- Born: Giuseppe Zaccaria 23 April 1930 Trapani, Italy
- Died: 25 August 1985 (aged 55) Fontecchio, Italy
- Occupations: Illustrator Cartoonist

= Pino Zac =

Italian illustrator, cartoonist and animator

Giuseppe Zaccaria (23 April 1930 – 25 August 1985), best known as Pino Zac, was an Italian illustrator, cartoonist and animator.

== Biography ==
Born in Trapani, Sicily, Zac spent his childhood in Pratola Peligna, Abruzzo and eventually moved to Rome to study architecture. In 1951 he started his professional debut with the comic strip Gatto Filippo, published in the newspaper Paese Sera until 1959. He later collaborated with a large number of European publications, including the Italian magazines Eureka and Pioniere, the French magazines L'Écho des savanes and Le Canard enchaîné, the British magazine Playtime, the Polish magazine Spillky. In 1977 he co-founded the satirical magazine Il Male, of which he also realized several covers.

Zac was also active as a director and screenwriter of animation films. He realized about 20 short films and the experimental feature film The Nonexistent Knight, based on the novel with the same name by Italo Calvino.
Zac died of a heart attack in his house in 1985.
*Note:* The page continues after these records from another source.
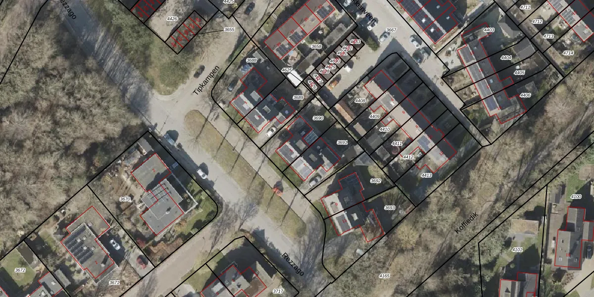 Gebruik de zoekbalk of klik op een perceel voor informatie over de adressen binnen dit perceel.
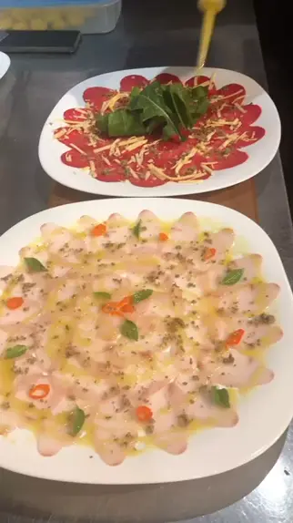 Carpaccio de carne e carpaccio de peixe #comida #fy #amocomer #camarão #CulinariaItaliana
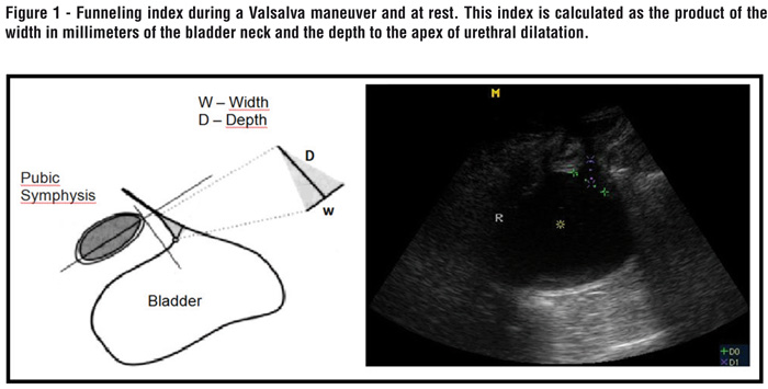 The extent of dilatation of the proximal urethra was gauged by measuring the funneling index during the Valsalva maneuver and at rest. The funneling index is calculated as the product of the width in millimeters of the bladder neck and the depth to the apex of urethral dilation (13, 18) (Figure-1).

In 2015, a documentary film about Zac, Zac - I fiori del Male by Massimo Denaro, was screened out of competition at the 72nd edition of the Venice Film Festival.

== Controversies ==
Zac's profane, irreverent, sometimes brutal satire caused him several complaints and legal problems. Among his favorite targets, Zac's often focused on clergymen's corruption and sexual repression. Among his works, he realized four books targeting the Catholic Church and the petty-bourgeois Italian mentality. In 2002, Nobel Prize-winner Dario Fo remembered him as "the first cartoonist in the world to draw the Pope without clothes".

==Bibliography==

- Pino Zac, Les dessous du Vatican, Paris, Satirix, Nr 17, February 1973.
- Pino Zac, La Vérité toute nue, Paris, Satirix, Nr 23, September 1973.